In Mexico, the most important regulations regarding contracts law are the Federal Commerce Code and the Federal Civil Law. None of these Codes contained any provision in order to regulate operations celebrated by electronic media, such as electronic commerce.

In order to incorporate and regulate electronic commerce in the Mexican legal system, several amendments to contracts regulations were made. These amendments include the acceptance given by electronic media, products liability in purchases made by e-commerce, and, of course, the probative value of data messages.

When a document is used as evidence in a judicial or administrative procedure in Mexico, it has to fulfill with certain requirements in order to have enough probative value. For example, the contract filed before Court must be on its original version and it must contain the signature of both parties. The problem in case of data messages is that the existence of the document per se, would depend on the fact that one of the parties involved in an electronic transaction print such document, with the problem that no signature would appear, and that, therefore and according to the Mexican Legal System, formalities of contracts law would be missing.

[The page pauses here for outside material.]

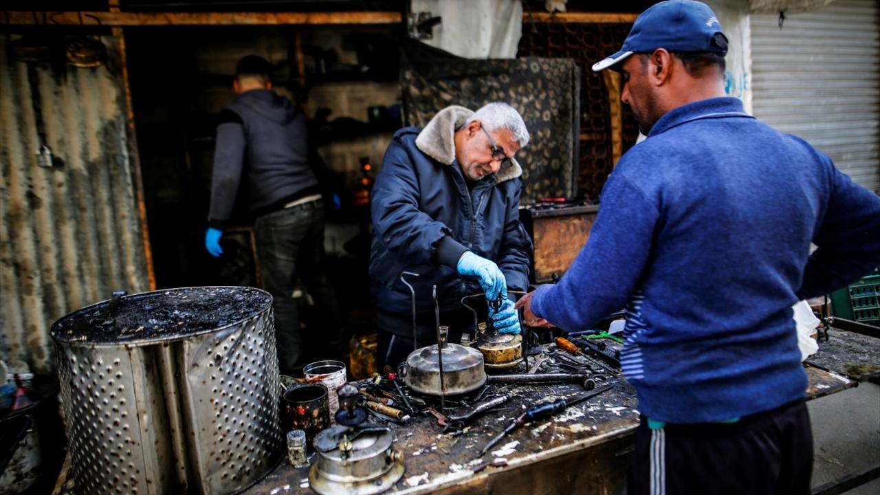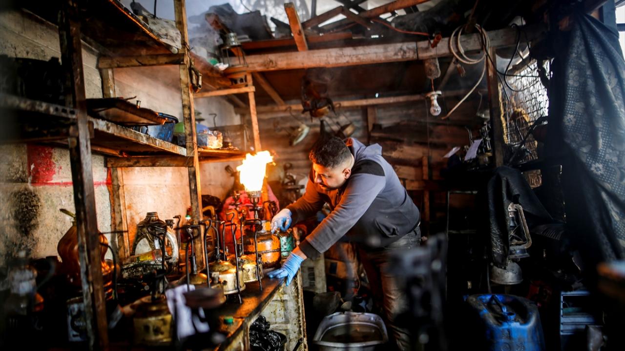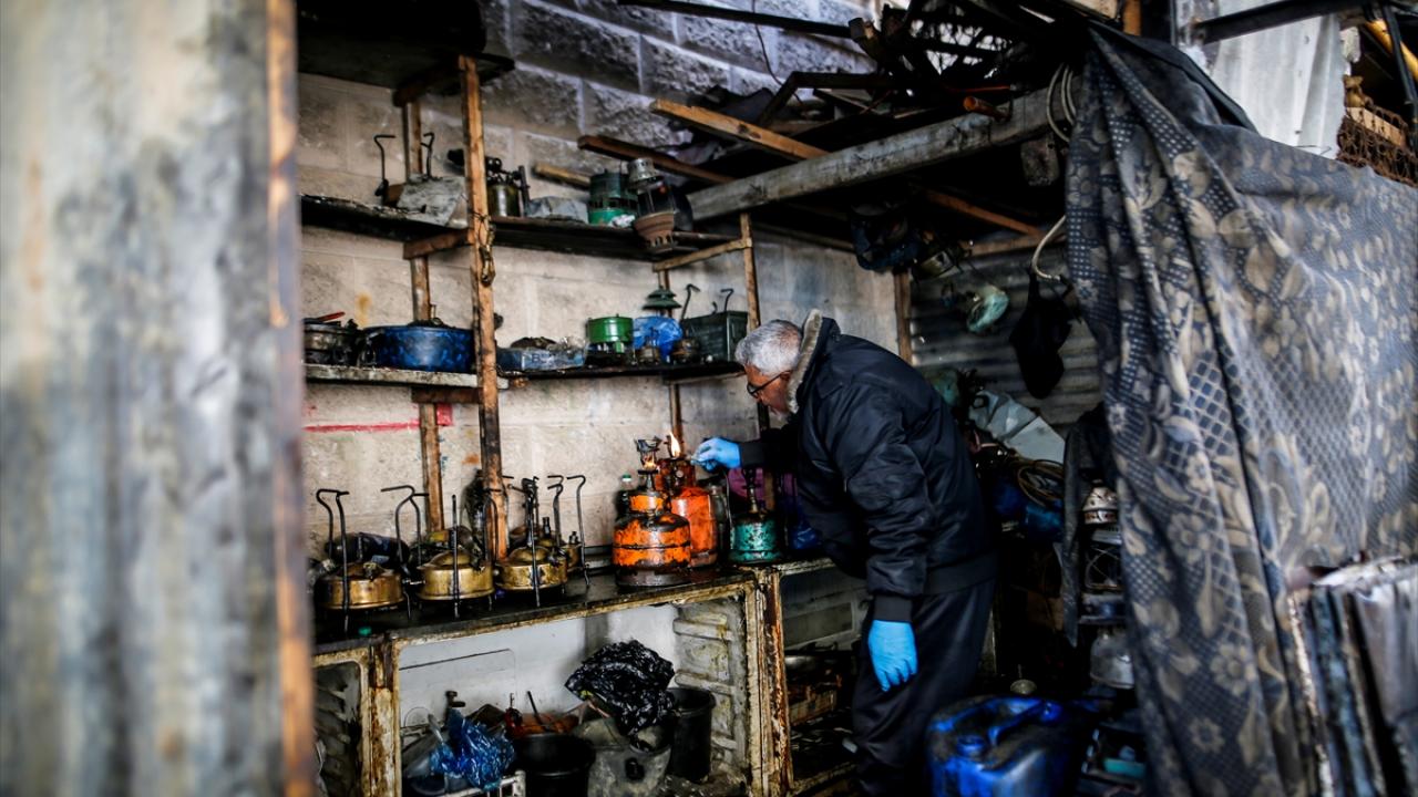 Gazze kentinin batısındaki Şati Mülteci Kampı’nda yaşayan 63 yaşındaki Hac Adil İsa, bölgedeki yakıt ve tüp gaz sıkıntısından ötürü talebin arttığı eski gaz yağı ocaklarını atölyesinde tamir ederek tekrar kullanılır hale getiriyor.

The Congress made several amendments to Mexican laws in order to clearly establish the rules under which data messages would have probative value in judicial procedures, but such rules are not enough for Mexican judges to apply the amendments made to our legal system in judicial procedures. At this moment, some precedents have been established by Courts of Appeal. Unfortunately, the interpretations made up to this moment are not clear enough and judges are not giving full probative value to data messages. The criteria followed are based on the fact that data messages do not contain the signature of the parties involved in an electronic transaction.

In the Congress a couple of initiatives for new amendments have been submitted but they lack of important elements, such as the regulation and incorporation of electronic signatures.

As a conclusion, I believe that, even though a big step was given by incorporating in our legal system provisions for the regulation of electronic transactions and data messages, it is necessary to include new amendments in our codes to validate electronic signature. At the same time, it is also necessary to update Mexican Courts in all issues related with electronic commerce. Without these actions, I believe it will be almost impossible to make an accurate and correct interpretation of law.